After the initial ablation target site was selected, additional RF lesions were applied during sinus rhythm, extending approximately parallel to the border zone of the infarct over 1 to 2 cm until pacing at 10 mA at 2-ms stimulus strength failed to capture in that region. If the target site was within 2 to 3 cm of the mitral annulus, lesions were extended to the mitral annulus to interrupt a potential submitral isthmus.5,6 Ablation lesions were placed only in areas of low voltage (<1.5 mV).

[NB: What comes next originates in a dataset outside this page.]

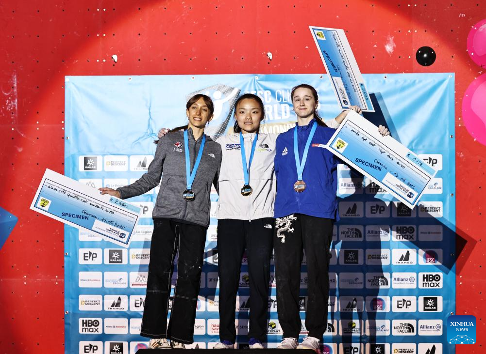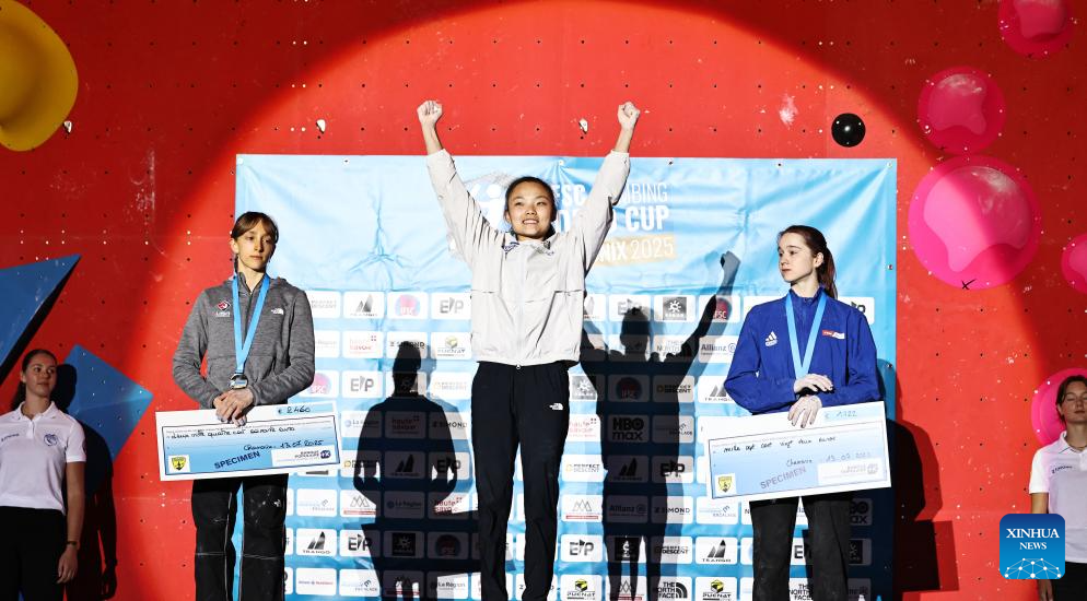 (L to R) Second-placed Annie Sanders of the United States, first-placed Seo Chaehyun of South Korea and third-placed Erin McNeice of Great Britain pose during the awarding ceremony for the women's lead final of sport climbing at the 2025 IFSC Climbing World Cup Speed-Lead in Chamonix, France, July 13, 2025. (Xinhua/Gao Jing)

After completion of the initial set of RF lesions, programmed stimulation (1 to 3 extrastimuli after a 600-ms and then 400-ms basic drive from the right ventricular apex and outflow tract) was repeated. If any monomorphic VT was inducible, the mapping and ablation process was repeated with extension of the initial RF line unless entrainment of the new VT demonstrated that the region was not involved in the VT circuit.

Ablation lesions were created with RF current (250 or 500 kHz) delivered for up to 2 minutes between the distal electrode of the mapping catheter and a cutaneous adhesive electrode with a maximum power of 50 W (EP Technologies. Inc or Stockhert GMBH). In 32 patients, ablation was performed with a 4-mm-tip electrode with power titrated to a 5- to 10-{Omega} decrease in impedance (21 patients) or a maximum temperature of 60°C to 65°C (11 patients). In 8 patients, ablation was performed with an investigational saline-irrigated 3.5-mm-tip electrode (Thermo-cool, Cordis-Webster), with power titrated to a 5- to 10-{Omega} decrease in impedance and maximum temperature of 45°C. In 4 patients in whom VT remained inducible and originated from a region where an ablation line had been completed with a 4-mm standard ablation catheter, additional lesions were applied along the line with another saline-irrigated RF ablation catheter (Chilli Cool Catheter, Cardiac Pathways) with up to 50 W titrated to a temperature of 36°C to 40°C with a decrease in impedance of 5 to 10{Omega}.7 These lesions, which could not be tagged on the electroanatomic mapping system for measurement, were not included in the area and length calculations but are described in more detail below.

The procedure ended when no monomorphic VT was inducible, hemodynamically stable VT was inducible but the VT circuit could not be found on the endocardium, or only hemodynamically untolerated VT that was faster than any of the previously tolerated or spontaneous VTs was inducible. The acute outcome of the ablation procedure was defined as follows: success—no monomorphic VT was inducible; modified—monomorphic VT was inducible but was different and faster than VTs induced at the beginning of the procedure; and failure—VT inducible at the beginning of the procedure remained inducible.

After ablation, antiarrhythmic drugs were discontinued in 15 patients. In 25 patients, previously ineffective drugs were continued either as required by a study protocol (8 patients), because the patient had been receiving amiodarone chronically without toxicity (12 patients), or because a VT remained inducible (5 patients). All patients received anticoagulation with warfarin for more than 1 month or aspirin chronically. Follow-up was obtained in July 2000 after a median of 260 days (range 16 to 945). No patient was lost to follow-up.

Data Analysis
The infarct was considered to be an ellipse. Area was calculated as: {pi}r1 r2 (r1 indicates longer radius; r2, shorter radius). Circumference was calculated as 2{pi} SQRT (r12+r22/2). The total length of all RF ablation lines was measured as the linear distance between the ends of each line and by summing all lines in an individual patient. Procedure time was the interval from entry into the electrophysiology laboratory to patient transport out of the room.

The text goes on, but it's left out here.